# Pier Fishing Near Savannah



## BrandyWatts (Jul 6, 2006)

Hi there. I am new to this site, but have enjoyed fishing since I was a little girl. I just recently got back into fishing and my hubby and I try to go at least every weekend or two. We have been fishing at the Pier in Sunbury, but don't seem to be having much luck. We see other people catching Whiting and large sharks, but here we are getting those annoying little baby sharks and nasty mud fish. Does anyone have any suggestions as to what we should do to catch Whiting from a Pier? Also, does anyone know of any piers or saltwater locations to fish that are not in Savannah, but are maybe within 45 minutes drive?

Brandy


----------



## cygnus-x1 (Oct 12, 2005)

Brandy,

I have never been to Georgia but it looks to me like there is A LOT of shoreline there. Do you all have access to the beaches?? Even if you do not have a 4x4 I am sure that there are places to swim/fish.

If so you may need to upgrade your gear a bit and do some surf casting. If you look on Coastal Explorer (to the right of the forum page) you can see that there is a pier just north of you in SC. By all means this is not a definitive list but its something. Maybe some Georgians on this board will chime in for some other locations.


----------



## Railroader (Apr 13, 2005)

Tybee Island Pier near Savannah, Farther South at Brunswick are the St. Simons Pier, and Jekyll Island Pier....All good spots. Also around Jekyll and St.
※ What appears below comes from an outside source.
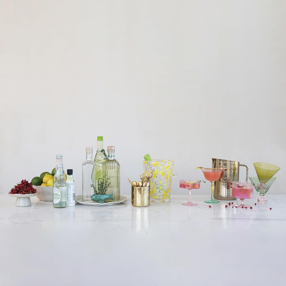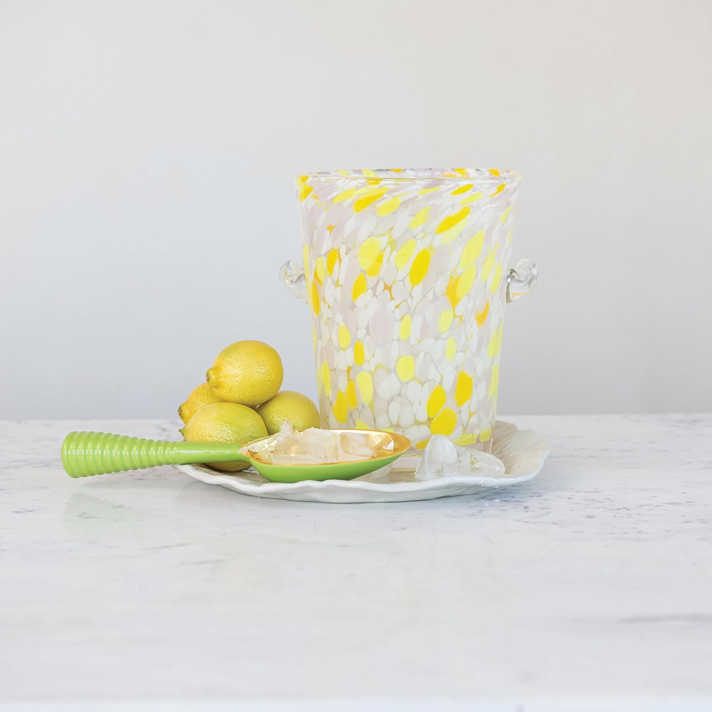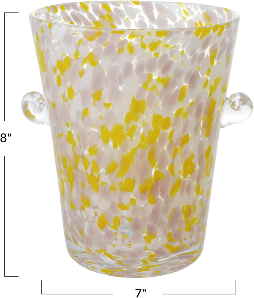 This ice bucket is a total showstopper! The hand-blown glass has such a fun, confetti-like design that instantly brightens up any table. It’s the perfect size for chilling drinks, and the sturdy handles make it easy to carry. The mix of yellow, pink, and white adds a cheerful pop of color—great for parties or just adding a playful touch to your kitchen. Love how unique and well-made it is!
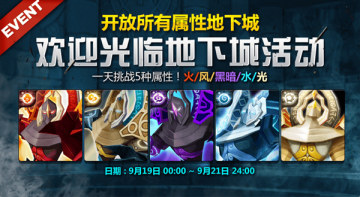 《魔灵召唤》9.19-9.21活动一览 全属性地下城开放 来源: 飞翔小编 2014/9/19 9:41:00 浏览量:383 在魔灵召唤游戏中,这个周末,9月19日-9月21日活动期间开放所有属性的守护者地下城。火/风/暗/水/光地下城全面开启,玩家可以选择所需的属性入场。 ■ 活动时间 09-19 00:00 ~ 09-21 24:00 ■ 参加方法 地下城位置:[战斗]-[卡伊洛斯地下城 开启的地下城:火/风/黑暗/水/光属性

Simons there are at least a dozen bridges you can fish.

That covers Ga, Now if someone will chime in about S.C. you'll be set.

Welcome to P&S....Post your progress!


----------



## Fatback (Aug 6, 2003)

Hey Brandy..............come out to Tybee..............We have the Ocean Front pier, the Back River pier and the Lazzarato Creek Pier. All so several places to fish from beach/shore. 
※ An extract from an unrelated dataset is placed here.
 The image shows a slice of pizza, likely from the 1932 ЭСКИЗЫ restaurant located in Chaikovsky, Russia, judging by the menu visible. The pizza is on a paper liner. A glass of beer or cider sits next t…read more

You live in Savannah and don't fish the piers out here on Tybee???? 

Whiting..............Ocean Front pier and Back River pier are GREAT spots. Not the best time of year right now to load up on um', but you can still catch keepers. Spring and fall are the best times to really slay um'.


----------



## sinker man (Jun 16, 2006)

Between Savannah and Charleston are hunting island pier, Edisto pier, and folly beach pier. Use fresh shrimp for whiting: the fresher the better. On the ocean piers sand fleas are very good for whiting, pompano and spottails. The thing with sand fleas is, although they are free, you have to catch them in the surfline.


----------



## lazy fisherman (Jul 1, 2006)

They ain't easy to find, either. I used to catch sand fleas a lot, but I haven't seen too many in recent years. They are the same color as the sand, and are very fast burrowers.


----------



## Salty Rick (Jul 8, 2006)

I haven't seen sandfleas in years (but haven't really been looking for them). As a kid they seemed to be everywhere. Shrimp work well for whiting.


----------